I was happy in this school, and had no trouble working hard for the preceptresses, who were encouraging and helpful. I found Natural Sciences fascinating for their own sake, and considered the possibilities for my thievery,
Then came the long holiday, and I went back to begging and thieving, to maintain my bank balance. I had a number of costumes which lived in old Sara Deleven’s rooms; the concierge cared little if I was there or not, alive or dead, as long as the rent was paid on time. I learned how to make sores, and some of our lessons in Natural Science came in useful in manipulating grease paint, to make it into raised sores to be applied. The trick was not to make them too hideous, or I would be shunned. Begging is an artform.
I also discovered that beggars are invisible, like servants and children when I overheard two men plotting to kill another.
I resumed my schoolgirl appearance to go to the Metropolitan Police Station, still in Bow Street. I was perfectly respectable, and spoke to the sergeant who was taking complaints.
“I heard a murder being plotted, sir,” I said.
I was not expecting to have my ears boxed.
“Run along, little girl, and don’t involve police in your fantasies!” roared the red-faced man.
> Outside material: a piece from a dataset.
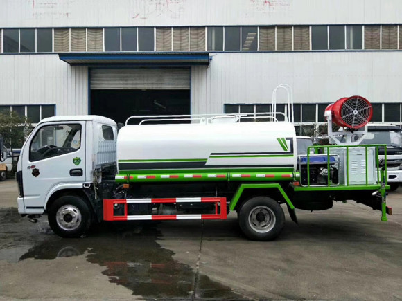 二、5方洒水车价格_程力5方洒水车价格大全,东风5吨洒水车9.8万,底盘采用东风小多利卡,玉柴115马力发动机,3300轴距,7.00钢丝胎,五档变速箱,带中控锁,电动窗,汽刹,带空调.有免征公告,有环保公告,上装配置:罐体一次性成型技术,大型自动焊接设备,烤漆工艺,防腐除锈,多层底漆、面漆喷涂。功能齐全,陪前冲、后洒、侧喷、绿化高炮,采用优质大功率水泵自吸自排,合理设计水路管道,气控取力器,罐体厚4MM,罐体仓内1.5米一道隔板,选装配置:威龙泵、喷雾机。

“Well, I won’t bother another time,” I said, injured.
I had given my address and name before starting my report, and parbleu! Another policeman turned up, with the one who had boxed my ear.
“Sergeant Davis wants to apologise,” said the other. “I am Inspector Jack Pencastle; tell me your story.”
Davis muttered an apology with ill grace.
“I was giving money to an old woman beggar,” I said. “And two men were passing, discussing things. And the old woman said you would take no notice of her.”
“Perhaps some would not,” said Pencastle. “But you tell her to ask for me, Jack Pencastle, and I’ll listen.”
And that, dear reader, is how I became a police informant.
It did not pay well, but it was a little bit extra, which I later found out came from Pencastle’s own wage packet. But just occasionally, there was a golden payout from someone who got a geegaw back, or who wasn’t killed.